七年前の映像
紀藤悠一:FF所属。大卒入団。神前の親友にして、頭脳的右腕。既婚。
『──そういえば』
「ん?」
『FFの公式サイトで、今、レグルス杯で優勝したときの映像が見られるようになってる』
「……それって、まさか、俺のゴールもなの?」
『そうだ。直くんがキャンプで掲げたチームの今季の目標が、レグルス杯奪還なんだ。リーグ戦も優勝争いはめざそう、とは言ってたけど』
「一度獲ったところを目標に、か。2部経験しかない選手たちを引っ張るには、高すぎず低すぎない、いい目標だね。たぶん、直くんが掲げてんじゃないな、それ」
『紀藤さん、か?』
「だとおもう。第一、直くんなら、公式サイトでファンにまで刷り込もうとはしないだろ」
『──それはそうだけど』
「俺のゴール映像まで見せて、ファンを誘導してくれてんのか。なるほど……やるね」
『どういう意味だ?』
「どういうって…………それで、獲れそうなの?」
『予選ぐらいは勝ち上がれそうだけどな。

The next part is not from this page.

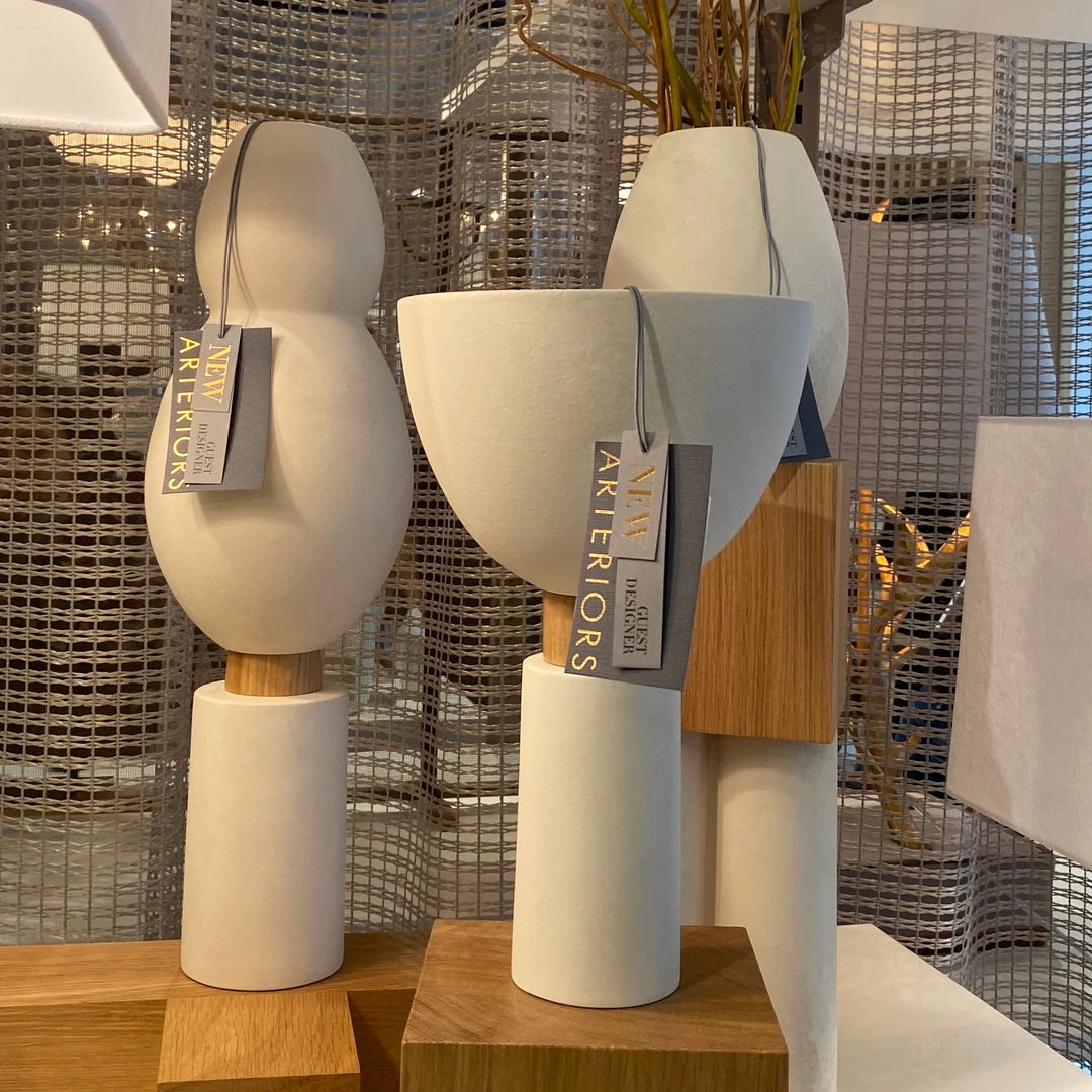 Designed by Ray Booth for Arteriors Home, the Mod Large Vase is inspired by the French sculptor Brancusi. The three ceramic forms play with mixed materials, juxtaposing matte ceramic against oak plinths. Each piece in the collection is sold separately so that you can use one as an accent or style all three together on dining or center tables. The best part? Each piece is interesting enough with or without flowers. *Mod short and tall vases also available in this collection
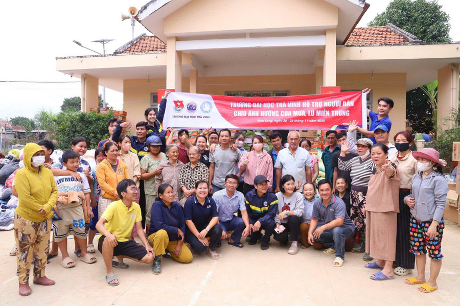 Ngày 27/11, một chuyến xe chở gần 30 tấn hàng hóa xuất phát từ Trường ĐH Trà Vinh đã vượt hàng trăm cây số, có mặt tại xã Diên Khánh, tỉnh Khánh Hòa, trao tận tay các phần quà cứu trợ cho người dân đang chịu ảnh hưởng bởi bão lũ.

トーナメントで、1部の上の方を負かしていくのは──奇跡が必要、だとおもう』
「リーグ戦はどう?」
『はじめの方はいくつか負けたけど、最近はアウェイでも引き分けでしのげるようになってきた。今は一〇位だけど、上がりそうか下がりそうかと言えば、上がりそうではある』
おもわず、赤間は笑った。
「まあ、正直なのはいいけど。マコはキャプテンなんだから。楽勝、って顔してないと」
『そんな顔はできない。おまえじゃないんだ』
「そうだねー。紀藤さんは、きっとレグルス杯の記憶を使えば、その奇跡とやらをファンが期待するようになる、とおもってるんじゃないかな」
『は?』
「赤間優児が戻ってくれば、優勝争いもタイトル奪還も夢じゃない、ってファンがおもってくれるようになれば、裏切り者の帰還を歓迎するようになるかも、ってことじゃないの? まあ、まだ、俺を獲ろうって話になるかは五分って気がするけど。少しは可能性があるのかな」
『そ……そんなことを考えてたのか』
「だとおもうけど。そうおもってるんじゃないなら、その公式サイトの映像の話は何だったの?」
『…………』
「マコ?」
『笑うなよ』
「うん?」
『あのレグルス杯決勝のおまえは、今見ても、惚れ惚れするくらいかっこ良かったりする、から──ああいうのを、目の前で、見れたらなーと』
「────マコ」
『な……なんだ?』
「大丈夫? もしかして、眠れないくらい、参ってるの? どうしても、どうしても、どうしてもつらいなら、浮気しちゃっても嫌ったりはしないよ?」
『ち……! ちがっ──というか。俺はおまえの映像を見てちゃいけないのか!』
「いいけど。サッカーの映像で抜くのはどうかとおもうよ?」
『っっっっっっ…………!』
何か言いたそうな気配は電話の向こうから伝わってくるが、江野は肯定だけでなく、否定も返さなかった。